Nonetheless, administrators at the Phoenix Police Department promptly signed an affidavit approving this phony transfer.
When outraged neighbors of Club 902 discovered Romley's ties to the bar, they demanded that he divest himself of the financial interest. He refused.
Throughout the controversy, Chief Ortega maintained that he saw no problem with Romley's role in Club 902.
When the extent of the arrests at Club 902 was reported, the chief's office attempted to cover its tracks by lying. Referring to the file that contained the 127 arrest reports from the previous year, the chief's spokesman attempted to give the impression that the paperwork has been scattered throughout the department and only recently assembled by hand.
I would imagine that because of all the interest in that location, and because of the liquor-control interest...there's been a lot of hand-searching done to put that together," said Ortega's spokesman, Sergeant Andy Anderson.
In reality, the department's records bureau maintained a comprehensive file on Club 902, as it does on all bars. The problem wasn't clerical. The problem was that the police brass refused to turn over the records to the liquor control board.
On February 7, 1990, I reported that state liquor chief Hugh Ennis had read enough. He announced that he was moving to close Club 902.
The very next day, Ortega and Romley's agent, Joseph Stedino, asked Bartlett if he knew Mike Lacey.
As I look over what I have just written, I cannot escape a feeling of self-conscious awkwardness. I do not wish to portray myself as a victim. I think what Ortega and Romley attempted to do with me is pretty obvious. But I certainly don't want AzScam, even for a moment, to be looked at in terms of what might have happened to one journalist.
Eighteen people were indicted in AzScam, careers were ruined, lives were shattered.
All too easily, politicians took dirty money.
Whatever little faith people had in government prior to AzScam was shredded.
So there is more at play here than the clumsy attempt of a police chief and a prosecutor to go after a journalist.

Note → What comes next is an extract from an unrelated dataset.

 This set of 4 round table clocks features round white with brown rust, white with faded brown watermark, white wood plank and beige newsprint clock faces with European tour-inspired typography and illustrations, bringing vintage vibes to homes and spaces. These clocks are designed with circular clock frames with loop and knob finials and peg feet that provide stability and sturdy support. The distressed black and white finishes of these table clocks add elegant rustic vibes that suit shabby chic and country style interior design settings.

The point is this: If Ortega and Romley would stoop to such behavior in the wake of negative publicity, what lengths would they go to in order to reap the sort of public relations bonanza associated with a shot heard round the world?"

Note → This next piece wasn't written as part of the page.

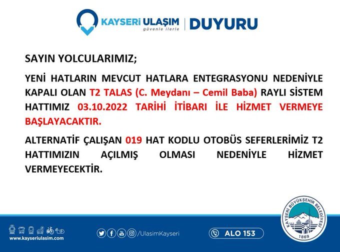 Sayın yolcularımız, Yeni hatların mevcut hatlara entegrasyonu nedeniyle kapalı olan T2 TALAS (C. Meydanı – Cemil Baba) raylı sistem hattımız 03.10.2022 tarihi itibarı ile hizmet vermeye başlayacaktır. İyi yolculuklar dileriz.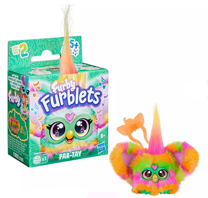 Good vibes all around with Par-Tay the funky Furblets friend! Hear over 45 disco tunes and sounds with this mini Furby electronic toy for girls and boys aged 6 years and up. Par-Tay has green, pink and orange fur to look like a tiny piñata. Also plays fun music and sounds in Furbish (but doesn't speak human languages). Clip them to a backpack or other travel bag with the keychain clip to bring the Furblets toy wherever you go.

If the legislators were easily corrupted, law enforcment was also relentless.
Two months after Bartlett went on the payroll, Stedino fired him. Bartlett was all big hat, no cattle." Despite his puffing about his connections with politicians on the take, Bartlett had not been able to put Stedino together with any legislators, let alone corrupt ones. Did Ortega and Romley drop their sting?
They did not. Ortega and Romley had a million-dollar budget with which to seduce officials. Eventually they figured they'd get someone to bite.

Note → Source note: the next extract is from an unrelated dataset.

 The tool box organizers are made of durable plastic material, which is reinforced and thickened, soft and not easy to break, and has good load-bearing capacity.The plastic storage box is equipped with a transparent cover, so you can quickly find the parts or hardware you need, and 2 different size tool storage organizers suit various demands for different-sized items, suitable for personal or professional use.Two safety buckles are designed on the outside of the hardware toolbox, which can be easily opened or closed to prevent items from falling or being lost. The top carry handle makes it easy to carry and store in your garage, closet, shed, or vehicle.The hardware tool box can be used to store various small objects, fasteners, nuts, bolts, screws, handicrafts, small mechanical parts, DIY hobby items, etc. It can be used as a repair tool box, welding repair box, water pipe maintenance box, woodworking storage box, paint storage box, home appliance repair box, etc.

Yes, seven politicians took the money. They disgraced themselves.
But I'm of a mixed mind about how much corruption there ever was.
In another recent sting, the federal government spent two and a half years trying to convince a farmer in Nebraska to purchase child pornography.
Two and a half years.
Nine days ago the U.S. Supreme Court ruled the government's successful effort to induce criminal behavior in the law-abiding farmer was excessive.
Like the gentleman from Nebraska, the legislators had been law-abiding.
Ortega and Romley have not been able to show that prior to AzScam a single legislator took a single dirty dollar from a single lobbyist. Ever.
This week jury selection continues for former state senator Carolyn Walker, the only politician who demanded a trial.
There is no excusing her greed, so coarse and palpable as it rolls across the AzScam videotapes that it makes you wince. Still, when law enforcement sets out to make criminals out of citizens, it's not surprising that some people are painfully human in their weakness.
And I cannot help but wonder what would have happened if Gary Bartlett had known me.
With enough money and persistence, people like Ortega and Romley might humiliate of us, even you.